To study the molecular mechanisms that may underlie the small liver phenotype in the cebpa mutant, we examined the expression levels of genes which are involved in cell proliferation and apoptosis. It was previously shown that the expression of c-myc and c-jun were induced in the liver of C/EBPα knockout mice10. In agreement with this, we also detected elevated expression of mycb and jun in the cebpa mutant zebrafish embryos (Fig. 5A), underscoring the evolutionary conserved role of these genes in the regulation of normal liver development.

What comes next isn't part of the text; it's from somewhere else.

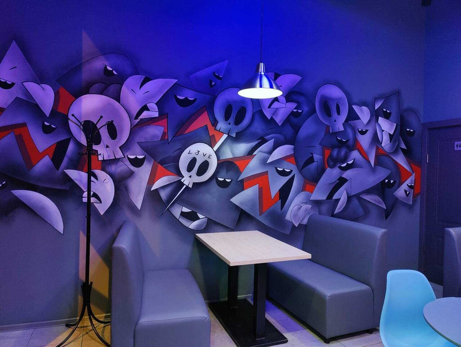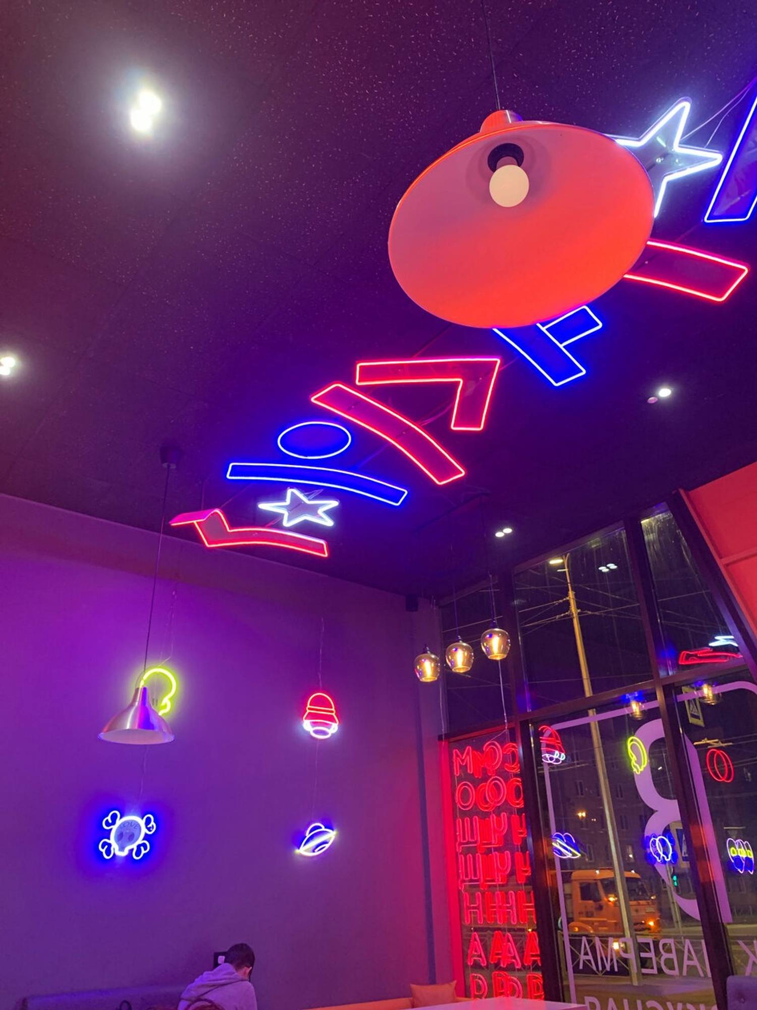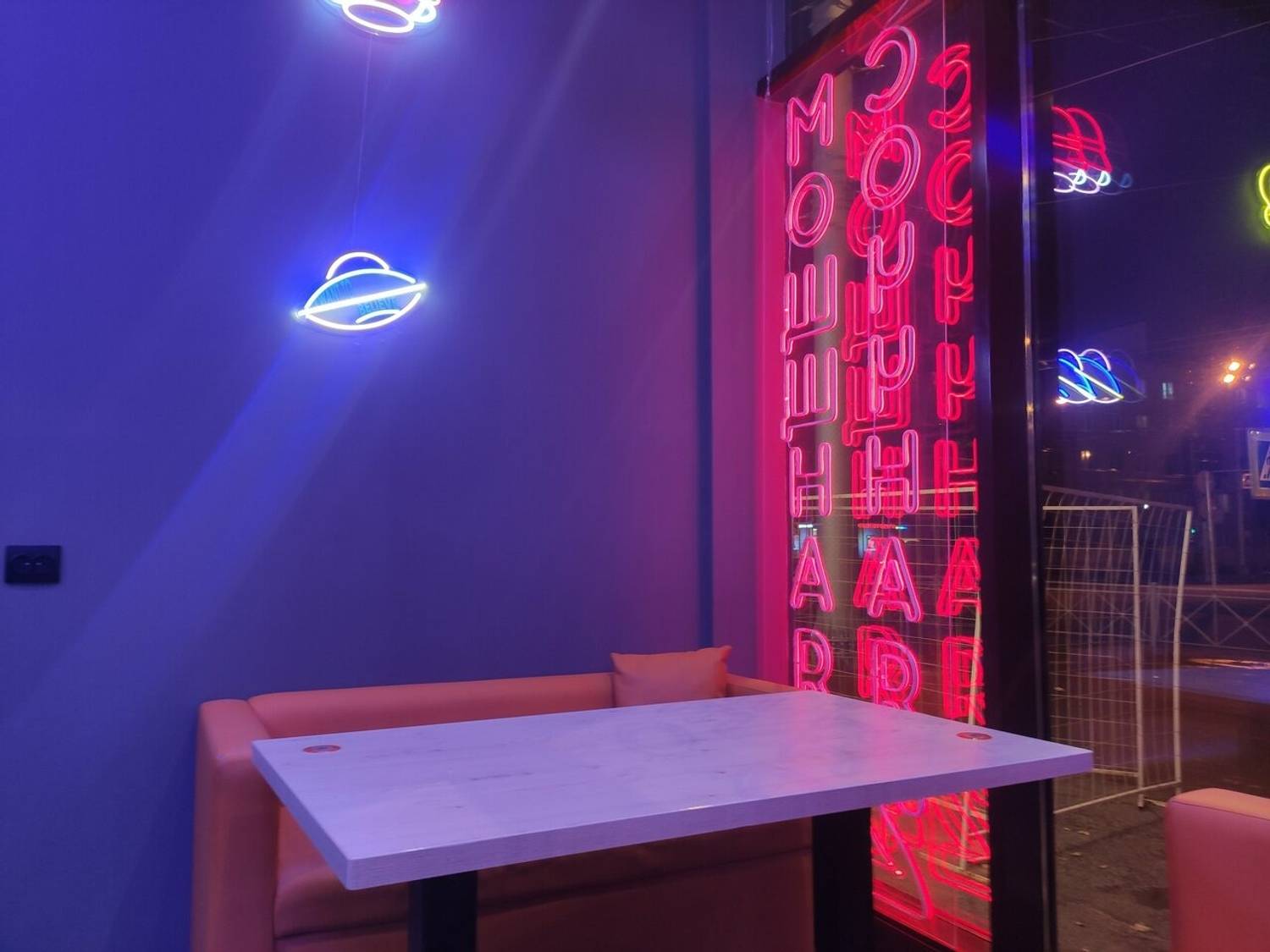 Атмосфера. Пространство заряжено энергией городского ритма. Здесь комфортно как для быстрой паузы, так и для неспешной встречи. Такое ощущение создает современный дизайн с контрастными неоновыми акцентами, удобными пуфиками и открытой кухней, откуда доносятся аппетитные ароматы. Интерьер с динамичными линиями и яркими деталями задает непринужденный, живой тон.

Importantly, we also observed that the expression of bcl2 and bcl2l were significantly increased in these mutant embryos (Fig. 5B), supporting the notion that an increased portion of the cebpa-deficient hepatic cells were in an apoptotic state. It is well known that the p53 signaling pathway plays a key role in controlling cell proliferation and apoptosis17. The aberrant cell proliferation and apoptosis observed in the cebpa mutant suggests that p53 pathway is likely activated. In order to test this, we knocked down p53 using morpholino (MO) in the cebpa mutant embryos. As expected, the hepatic defect of the cebpa mutant embryos could be efficiently rescued by p53 knockdown (Fig. 5C,D). To further confirm the role of p53 in this process, we next generated cebpa and p53 double mutant zebrafish. The data showed that additional loss of p53 could restore normal liver development in cebpa-deficient embryos (Fig. 5 E,F). Moreover, the defects of cell proliferation and apoptosis could be also largely recovered in the cebpa and p53 double mutant (supplemental Fig. S3). Thus, these results demonstrate that the p53 pathway is indeed involved in C/ebpα-dependent hepatic outgrowth.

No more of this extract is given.